El Tren de la Paz recorre su cuarta estación: “Paz económica. Una huelga universal de pobres”

Portada cuarta estación Tren de la Paz

Madrid, 24 de abril de 2024 (IVICON): En la cuarta estación el Tren de la Paz hace una parada técnica. El sistema económico mundial va a tal velocidad que se lleva por delante a quienes no aguantan el ritmo del beneficio y los intereses económicos de unos pocos a costa de la pobreza, injusticia y explotación de otros muchos, y de la Tierra. El Tren de la Paz económica tiene como motor la economía solidaria, partir y repartir para que “todos tengan vida, y la tengan en abundancia”. Lo que anima a este tren es el bien común, la gratuidad, las alternativas que promueven el cuidado y sostenibilidad de la creación, la solidaridad y la justicia.
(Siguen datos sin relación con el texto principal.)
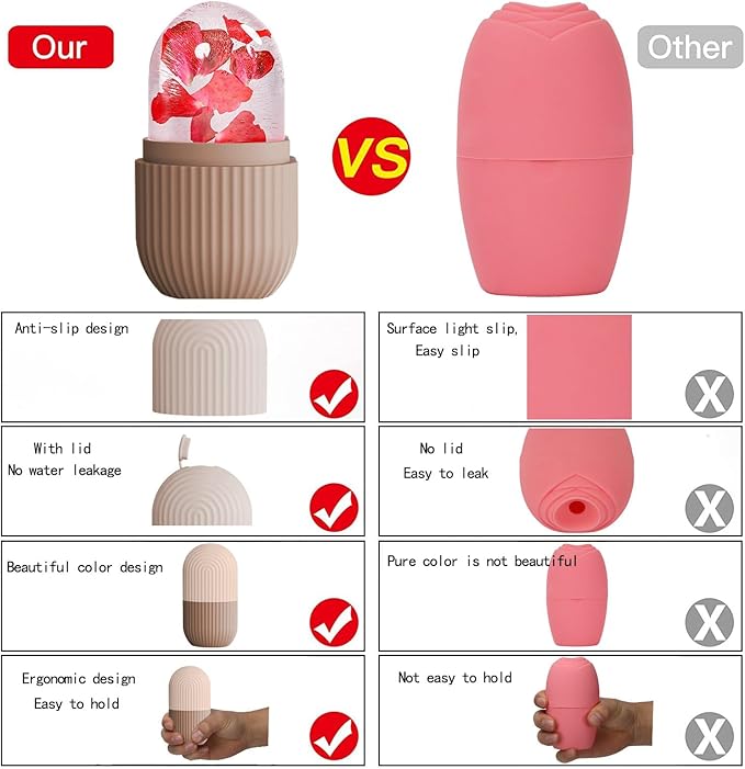 - โ๏ธ HIGH-QUALITY: This ice roller for face is made of high-quality silicone material, which is repeatable and durable. Small and light design, ergonomic hand design is easy to grasp, ice roller head can slide on the skin,It is also easy to carry.
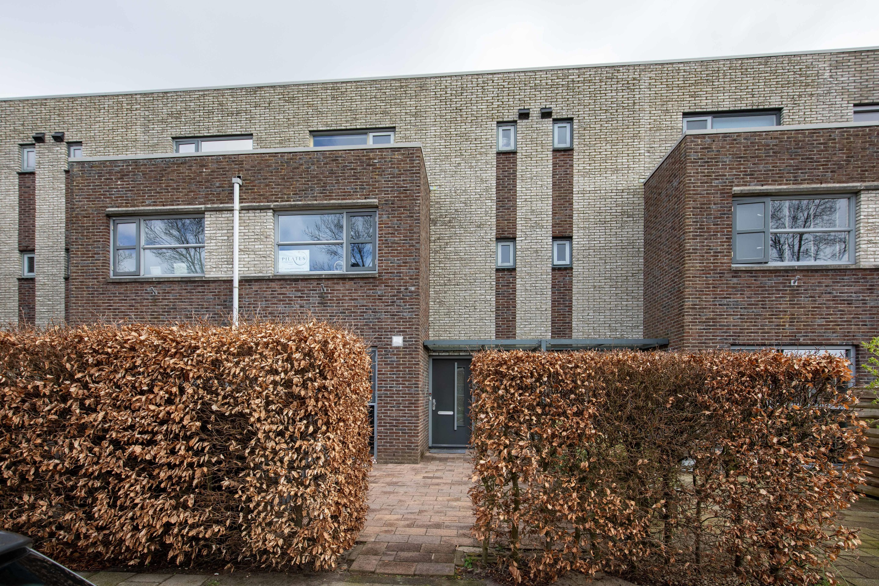Via de onderhoudsvriendelijke voortuin met nette haag en overdekte entree bereikt u de woning. De ruime hal biedt toegang tot een modern toilet met zwevend closet, de trapopgang en de woonkamer.
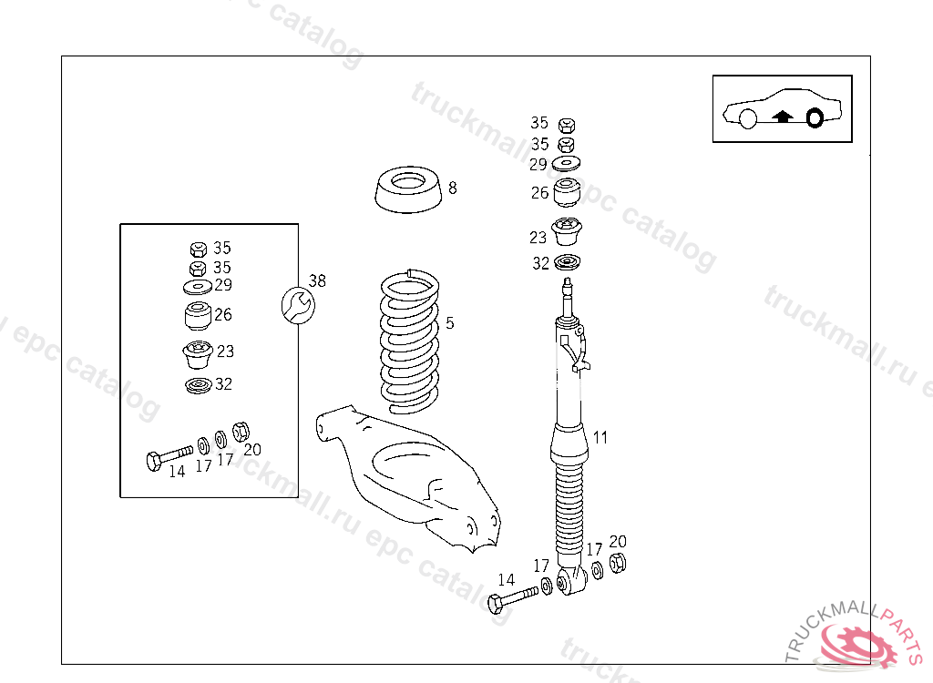 HYDROPN. SPRING LEG RANGE OF DELIVERY, F 125158 ALSO INSTALLED ON WITH CODE 806, Replaced By: A1293201513, +001A1243200356

Esta vez nos centramos en las páginas del libro de Xabier Pikaza, (pp.196-207), “El camino de la Paz. Una visión cristiana”, en las que nos habla sobre que la paz no depende solo de la economía, pero sin una nueva economía al servicio de la comunión humana no podrá haber paz sobre la tierra.  

Para la reflexión

En este momento son muchos los que piensan que, para evitar el colapso de la economía (con el riesgo que implica para miles de millones de personas), debemos realizar una profunda inversión (cambio de rumbo), de manera que el capital se ponga al servicio de los hombres, no en la línea de compra y venta, sino de comunicación personal. Para ello debemos iniciar una salida y una protesta, es decir, tomar la decisión de declarar una huelga universal, contra las leyes y normas del capital y del mercado, dejando de colaborar con el sistema y abandonando la ciudad de la opresión (como pedía Mc 13,14 y Ap 18,4) (p.204).

Abrir nuestra mente y corazón a otros valores, para trabajar de una forma distinta y para producir de otra manera, al servicio de los hombres (los pobres) y no del mercado capitalista o de la seguridad militar. No será una huelga contra nadie, sino a favor de todos, partiendo de los más pobres (p.204). Será una economía de caminos múltiples, para crear un espacio de encuentros abiertos, una red donde todos puedan encontrar un lugar, cada uno con sus peculiaridades y sus aportaciones (p.205).

Reflexión de equipo

El modelo económico en el que vivimos crea sistemas centrados en poseer, en lograr el mayor bienestar posible de forma inmediata, compulsiva y consumista, en la codicia justificada como eficiencia y crecimiento y en la competitividad que deteriora. Las consecuencias son una ansiedad e insatisfacción permanentes, un materialismo que deshumaniza, un egoísmo que anula lo comunitario y genera individualismo e indiferencia a la situación del otro.

La búsqueda de beneficio económico a toda costa provoca la destrucción de los recursos naturales y del planeta, la desigualdad creciente, la pobreza lacerante de millones de personas, el “descarte” de quienes no son “productivos”, la vulneración de derechos laborales, sociales y civiles, las migraciones en condiciones infrahumanas. Hace falta un espíritu profético para no aprovecharnos y dejarnos atrapar, porque estamos “metidos hasta la médula” en este sistema que genera muchas desigualdades entre quienes acumulan y quienes pasan necesidad.

El Evangelio plantea un cambio radical basado en el amor y se traduce en una economía más humana, que prioriza a quien pasa mayor necesidad e invita a compartir todo lo que somos y tenemos para bien de todos. Jesús propone iniciar este camino desde los pobres, con comunidades que comparten fe, vida y bienes, que construyan fraternidad, superando la cultura del descarte. Sólo desde ahí la paz podrá germinar y crecer en nuestro mundo.

La novedad que nos pide el Evangelio pasa por la gratuidad. Poner talentos, tiempo… al servicio de los demás. Lo que hacemos con gratuidad supone generar ya una pequeña brecha en este sistema que ha convertido el dinero en un fin, no en un medio. Dar de sí, más que pensar en sí. La solidaridad y el cuidado respetuoso y sostenible de lo creado son principios fundamentales que han de regir la convivencia y la economía.

Para enriquecer la reflexión

Ofrecemos algunos textos bíblicos para orar con lo reflexionado y compartir desde la fe.

  • Hechos 2,44-46: Los creyentes vivían todos unidos y tenían todo en común; vendían posesiones y bienes y los repartían entre todos, según la necesidad de cada uno.
  • 1 Juan 3,17: Pero si uno tiene bienes del mundo y, viendo a su hermano en necesidad, le cierra sus entrañas, ¿cómo va a estar en él el amor de Dios?.
  • Mt 25, 14-30: Porque tuve hambre y me disteis de comer, tuve sed y me disteis de beber, fui forastero y me hospedasteis, estuve desnudo y me vestisteis, enfermo y me visitasteis, en la cárcel y vinisteis a verme.